Physicians' Academy for Cardiovascular Education

Resting heart rate has predictive value for heart failure in healthy men, but not women

Literature - Nanchen D, Leening MJ, Locatelli I et al. - Circ Heart Fail. 2013 May 1;6(3):403-10. doi: 10.1161/CIRCHEARTFAILURE.112.000171

Resting heart rate and the risk of heart failure in healthy adults: the Rotterdam study.

Nanchen D, Leening MJ, Locatelli I et al.
Circ Heart Fail. 2013 May 1;6(3):403-10. doi: 10.1161/CIRCHEARTFAILURE.112.000171


Despite improvements in health care for heart failure (HF) patients, the incidence of hospitalization  for HF is increasing in the aging Western population [1]. It is therefore important to better detect patients at risk of HF. Resting heart rate (HR) possibly has predictive value for heart failure and cardiovascular disease [2]. In patients experiencing HF, resting HR is a modifiable risk factor which can prevent rehospitalisation for HF [3]. For the general population this association is not known. This question should be addressed in a prospective manner because a subclinical decompensated state in cardiac patients might enhance a hemodynamic response that increases HR. The biological interaction between resting HR and subclinical HF prevents extrapolation of the association to healthy adults.
Therefore, this study investigated whether higher resting HR is independently associated with the development of HF in adults without pre-existing heart disease or HR -modifying medication use in the general population. This study is part of the Rotterdam Study, and included data from 4768 participants [4].

Main results

  • In men, HR was <68.5 beats per minute (BPM) for the first tertile, 69-78 BPM for the second and >79 BPM in the third tertile. In women, the tertiles were <72, 73-80 and >81 BPM, with pulse measurement at the radial artery. HR measured by ECG was generally somewhat lower than pulse measurement.
  • In a median (IQR) follow-up period of 14.6 (7.6) year, 656 participants developed incident HF.
    Crude incidence HF was higher in men with higher HR than in men with lower HR (13.7 vs. 9.9 per 1000 person-years). In women, crude incidence rates of HF did not differ between HR categories, except when HR was measured with ECG.
  • For each increment of 10 BPM, the multivariable adjusted hazard ratio in men were 1.16 (95%CI: 1.05-1.28) in a time-fixed HR model and 1.13 (95%CI: 1.02-1.25) in a time-dependent HR model (HR measured by ECG). Resting HR was not associated with a higher risk of HF in women.
  • After censoring  328 participants who developed nonfatal coronary heart disease (CHD) during follow-up, similar results were obtained.
  • When taking into account time until first prescription of common HR-lowering drugs, men with HR in the upper tertile had higher risk of HF than men in the lower tertile (adjusted hazard ratio: 1.47, 95%CI: 1.08-2.01).
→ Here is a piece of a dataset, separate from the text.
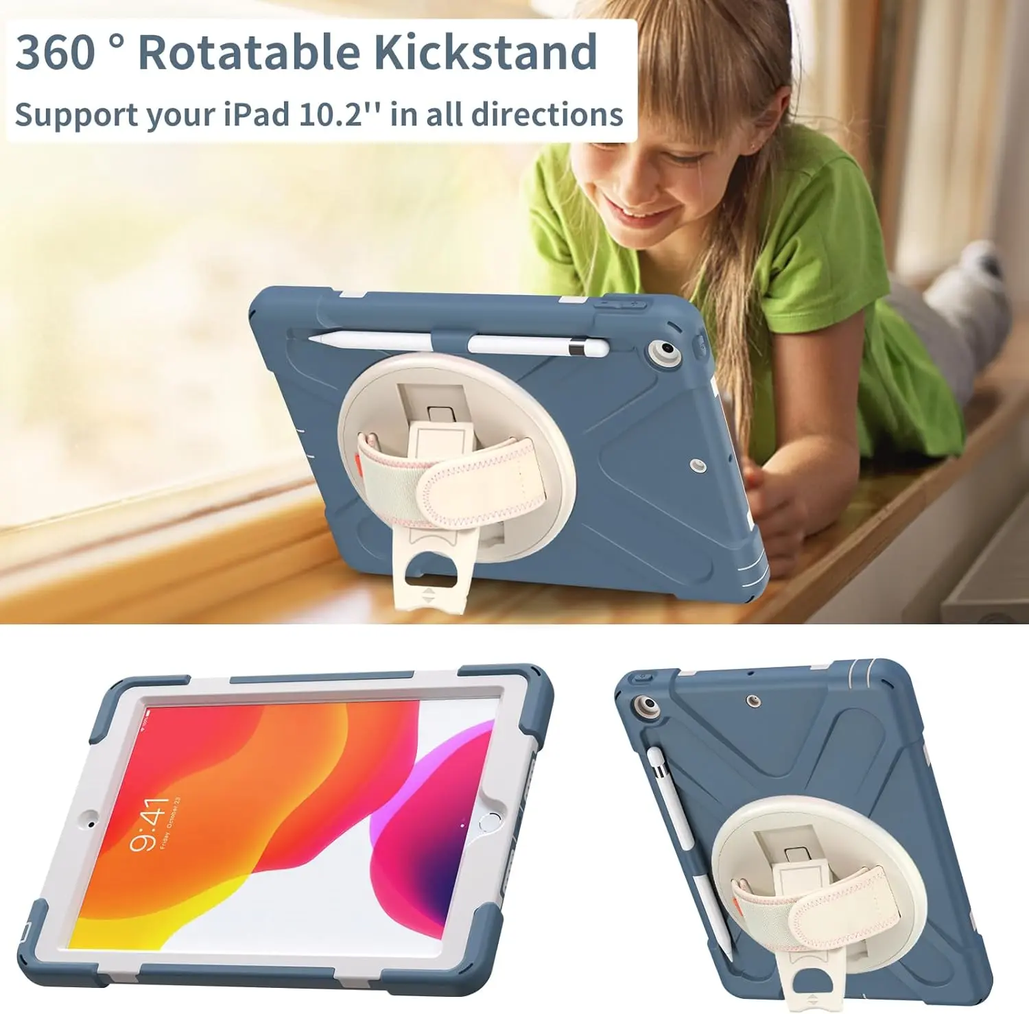 ZenRich Rugged Shockproof Case for iPad 9th/8th/7th Generation 10.2 inch (2021), with Pencil Holder, Rotating Hand Strap, Stand, Shoulder Strap, and Screen Protector (A-Cornfolwer Blue)

Higher resting heart rate as measured with pulse palpation or ECG was independently associated with incident heart failure in healthy male adults from the general population. This association was not mediated through overt CHD. In women no such association was identified.
Thus, men at higher risk of developing HF can be identified based upon high resting HR. It remains to be determined whether these men can benefit from preventive therapy aimed at reducing HR.


1. Hunt SA, Abraham WT, Chin MH et al. 2009 focused update incorporated into the ACC/AHA 2005 Guidelines for the Diagnosis and Management of Heart Failure in Adults: a report of the American College of Cardiology Foundation/American Heart Association Task Force on Practice Guidelines: developed in collaboration with the
International Society for Heart and Lung Transplantation. Circulation.2009;119:e391–e479.
2. Ceconi C, Guardigli G, Rizzo P. The heart rate story. Eur Heart J Suppl. 2011;13:C4–C13.
3. Böhm M, Swedberg K, Komajda M, et al., SHIFT Investigators. Heart rate as a risk factor in chronic heart failure (SHIFT): the association between heart rate and outcomes in a randomised placebo-controlled trial. Lancet. 2010;376:886–894.
4. Hofman A, van Duijn CM, Franco OH et al. The Rotterdam Study: 2012 objectives and design update. Eur J Epidemiol. 2011;26:657–686.